REQUIREMENT: Give again, word for word, each line below starting at the one that contains "Освен изборените, лаптопа" and ending at the one that contains "1.啓動你的switch設備".

EXERCISE DATA:
········
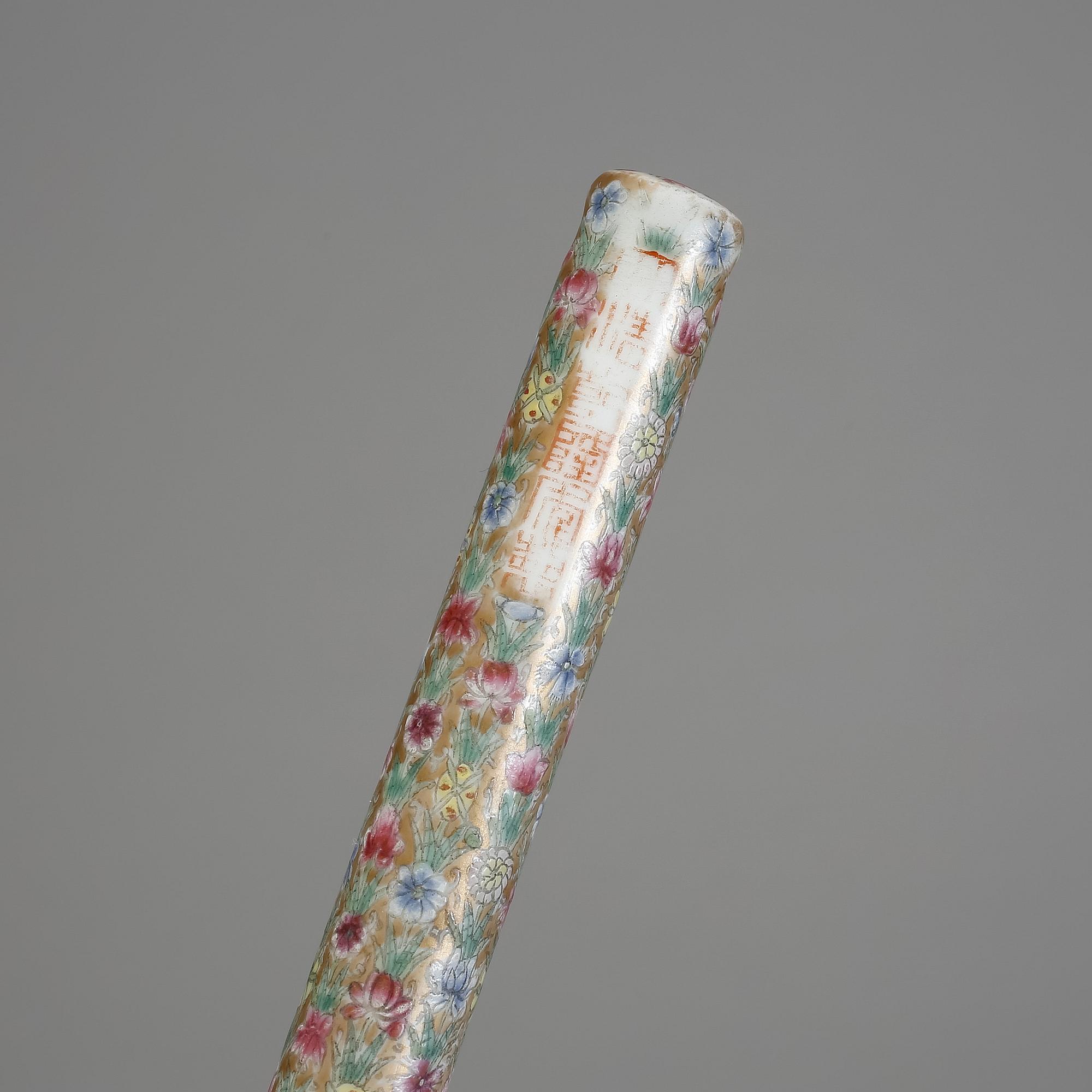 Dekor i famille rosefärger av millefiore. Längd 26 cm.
········
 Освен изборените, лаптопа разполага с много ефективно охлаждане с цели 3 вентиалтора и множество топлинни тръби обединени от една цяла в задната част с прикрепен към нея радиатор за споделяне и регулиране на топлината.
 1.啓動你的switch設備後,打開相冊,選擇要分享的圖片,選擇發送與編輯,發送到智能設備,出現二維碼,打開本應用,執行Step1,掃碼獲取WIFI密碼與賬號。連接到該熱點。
········
RESULT FOR THIS EXERCISE:
 Освен изборените, лаптопа разполага с много ефективно охлаждане с цели 3 вентиалтора и множество топлинни тръби обединени от една цяла в задната част с прикрепен към нея радиатор за споделяне и регулиране на топлината.
 1.啓動你的switch設備後,打開相冊,選擇要分享的圖片,選擇發送與編輯,發送到智能設備,出現二維碼,打開本應用,執行Step1,掃碼獲取WIFI密碼與賬號。連接到該熱點。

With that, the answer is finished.